Problem requirements:
In the data below, reproduce everything exactly except the images.

Data shown:

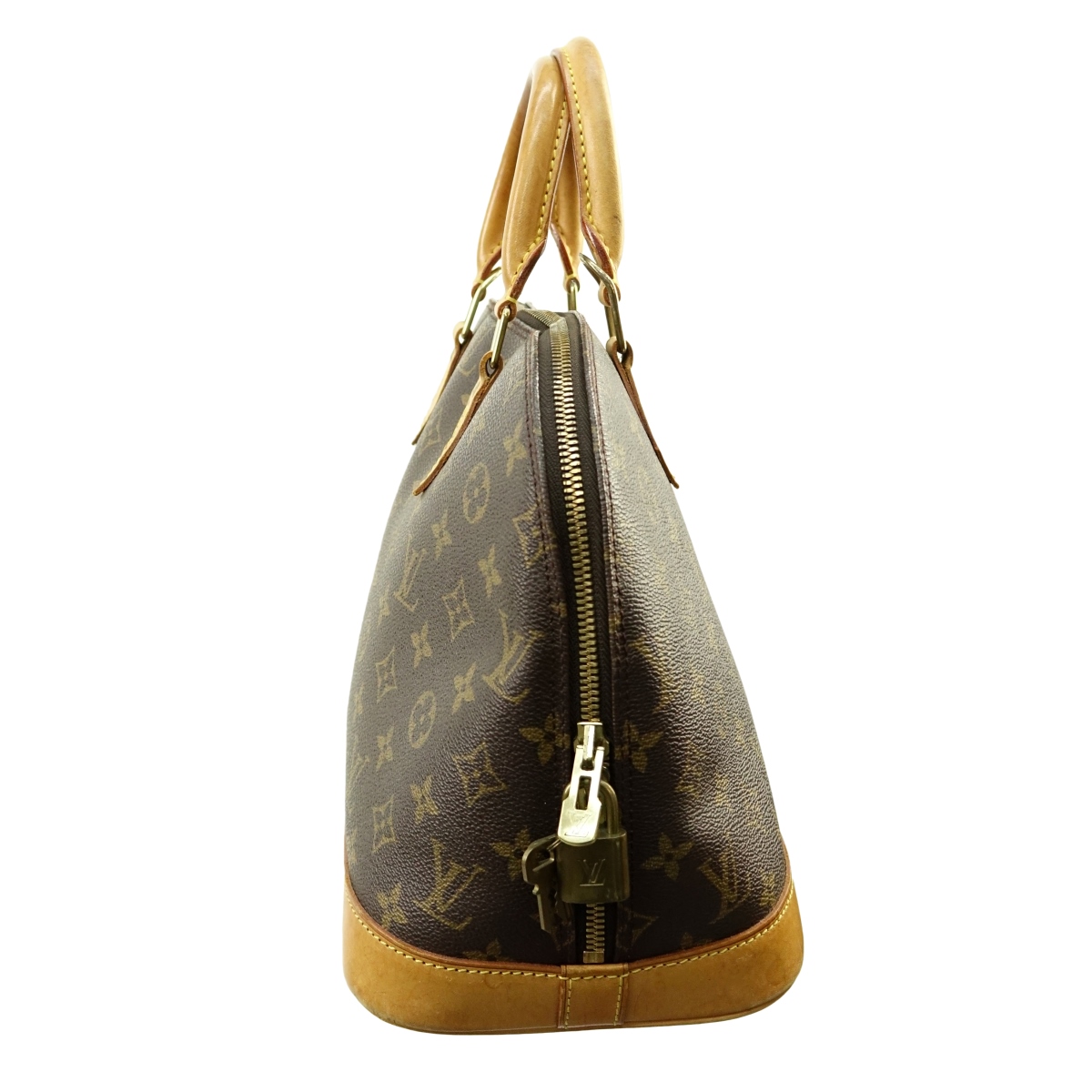Louis Vuitton Brown Canvas Monogram Alma PM. Golden brass hardware, brown interior with slot and patch pockets, vachetta handles. Cadenas, Keys, Dustbag included. Labeled appropriately. Serial #AR0959. Measures 12" x 9-1/2" x 6-1/2". Condition: Good pre-owned condition, with toning, wear and stains on vachetta from use. Domestic Shipping: $58.00 Min Est. $400.00 Max Est. $500.00
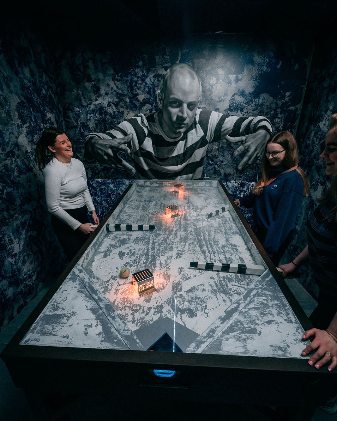 På Fangene på Fortet deles dere opp i mindre grupper – med 3-5 personer pr. lag. Gruppen velger eget lagnavn. Dere er nødt til å samarbeide for å løse utfordringene i cellene. Utenfor cellene står en plansje med blandt annet maks antall poeng dere kan oppnå. Dere blir belønnet med poeng etter hvor raskt og riktig oppgavene løses. Underveis kan dere hele tiden se på skjermer i gangene hvordan dere ligger an. Dere får en utskrift med resultatene når dere er ferdige. Om alle på laget er veldig flinke, kan det være dere oppnår nok poeng til å komme inn på VIP-rommene.
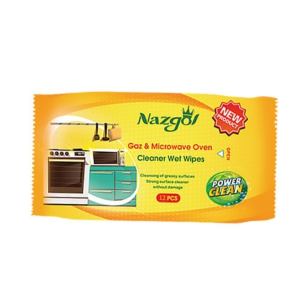 دستمال مرطوب گاز پاک کن نازگل مدل 001 بسته 12 عددی امکانات شوینده سطوح تمیز کنندگی براق کنندگی لکه زدایی ضدغبار ضدعفونی کنندگی
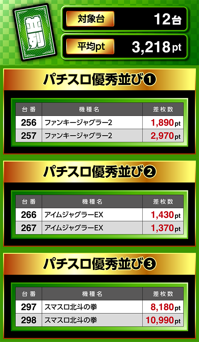297番台と298番台の「スマスロ北斗の拳」は並んで8,100pt超を超え、298番台は10,000pt上回った。
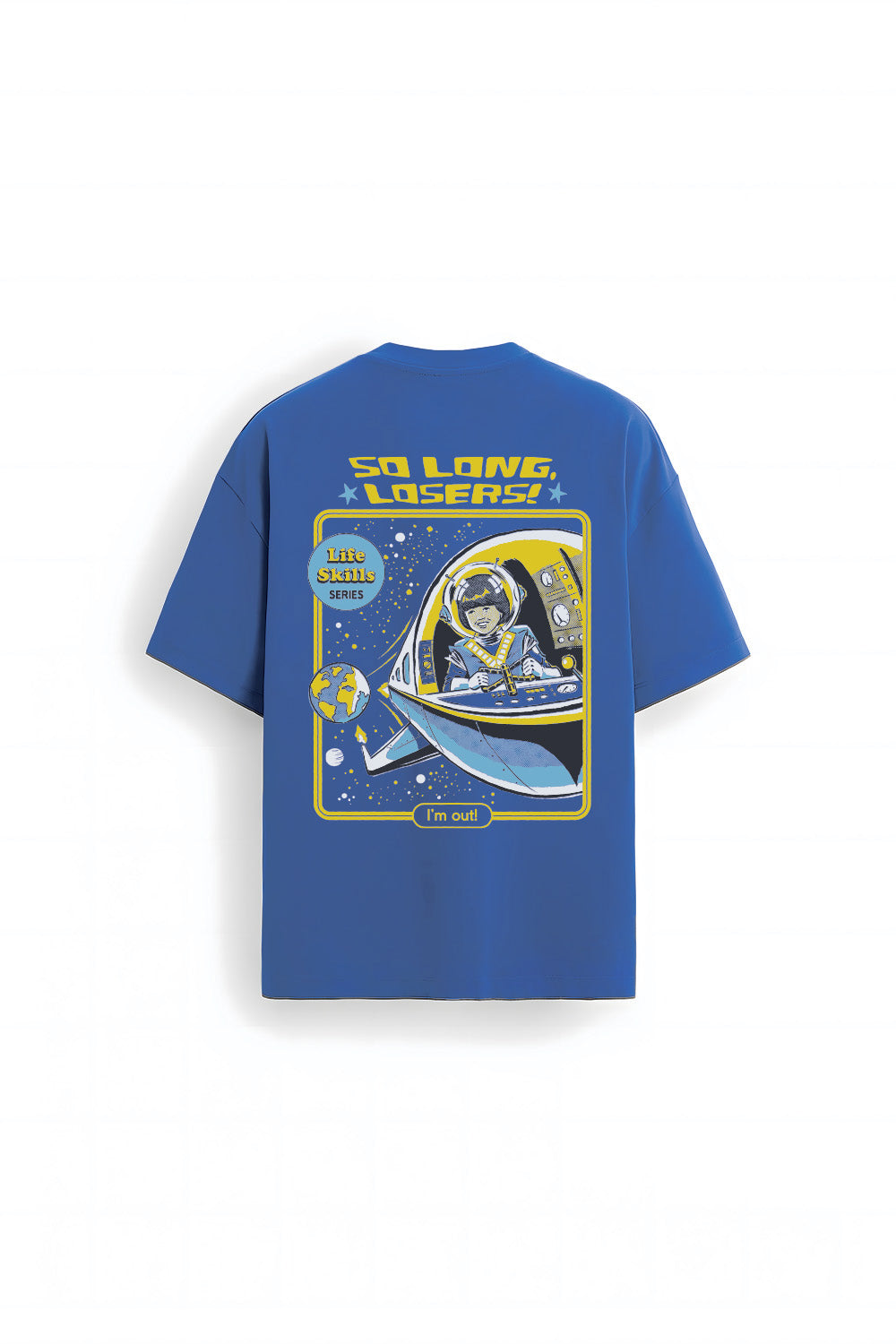 When Earth starts feeling like a group project gone wrong, there’s only one thing left to say: “I’m out.” The "I’m Out Oversized T-shirt" for women beams up your mood with a space-age escape plan printed in full comic-book glory. On the front, it keeps it cool with a minimal chest badge, but the back? That’s where the real lift-off happens—featuring a retro-style astronaut leaving the planet with a smirk and a bold “So long, losers!” farewell. Crafted in 100% cotton and grounded in a rich blue hue, this 240 GSM heavyweight tee is as breathable as it is bold, perfect for anyone ready to leave the chat (and the galaxy). With an oversized fit made for maximum chill and zero emotional baggage, it’s ideal for introverts, over-thinkers, or anyone who's had enough of the group text. Wash cold, skip the bleach unless you’re erasing history, tumble dry low, and iron warm if your alien overlords demand it.

Answer area:
Louis Vuitton Brown Canvas Monogram Alma PM. Golden brass hardware, brown interior with slot and patch pockets, vachetta handles. Cadenas, Keys, Dustbag included. Labeled appropriately. Serial #AR0959. Measures 12" x 9-1/2" x 6-1/2". Condition: Good pre-owned condition, with toning, wear and stains on vachetta from use. Domestic Shipping: $58.00 Min Est. $400.00 Max Est. $500.00
 På Fangene på Fortet deles dere opp i mindre grupper – med 3-5 personer pr. lag. Gruppen velger eget lagnavn. Dere er nødt til å samarbeide for å løse utfordringene i cellene. Utenfor cellene står en plansje med blandt annet maks antall poeng dere kan oppnå. Dere blir belønnet med poeng etter hvor raskt og riktig oppgavene løses. Underveis kan dere hele tiden se på skjermer i gangene hvordan dere ligger an. Dere får en utskrift med resultatene når dere er ferdige. Om alle på laget er veldig flinke, kan det være dere oppnår nok poeng til å komme inn på VIP-rommene.
 دستمال مرطوب گاز پاک کن نازگل مدل 001 بسته 12 عددی امکانات شوینده سطوح تمیز کنندگی براق کنندگی لکه زدایی ضدغبار ضدعفونی کنندگی
297番台と298番台の「スマスロ北斗の拳」は並んで8,100pt超を超え、298番台は10,000pt上回った。
 When Earth starts feeling like a group project gone wrong, there’s only one thing left to say: “I’m out.” The "I’m Out Oversized T-shirt" for women beams up your mood with a space-age escape plan printed in full comic-book glory. On the front, it keeps it cool with a minimal chest badge, but the back? That’s where the real lift-off happens—featuring a retro-style astronaut leaving the planet with a smirk and a bold “So long, losers!” farewell. Crafted in 100% cotton and grounded in a rich blue hue, this 240 GSM heavyweight tee is as breathable as it is bold, perfect for anyone ready to leave the chat (and the galaxy). With an oversized fit made for maximum chill and zero emotional baggage, it’s ideal for introverts, over-thinkers, or anyone who's had enough of the group text. Wash cold, skip the bleach unless you’re erasing history, tumble dry low, and iron warm if your alien overlords demand it.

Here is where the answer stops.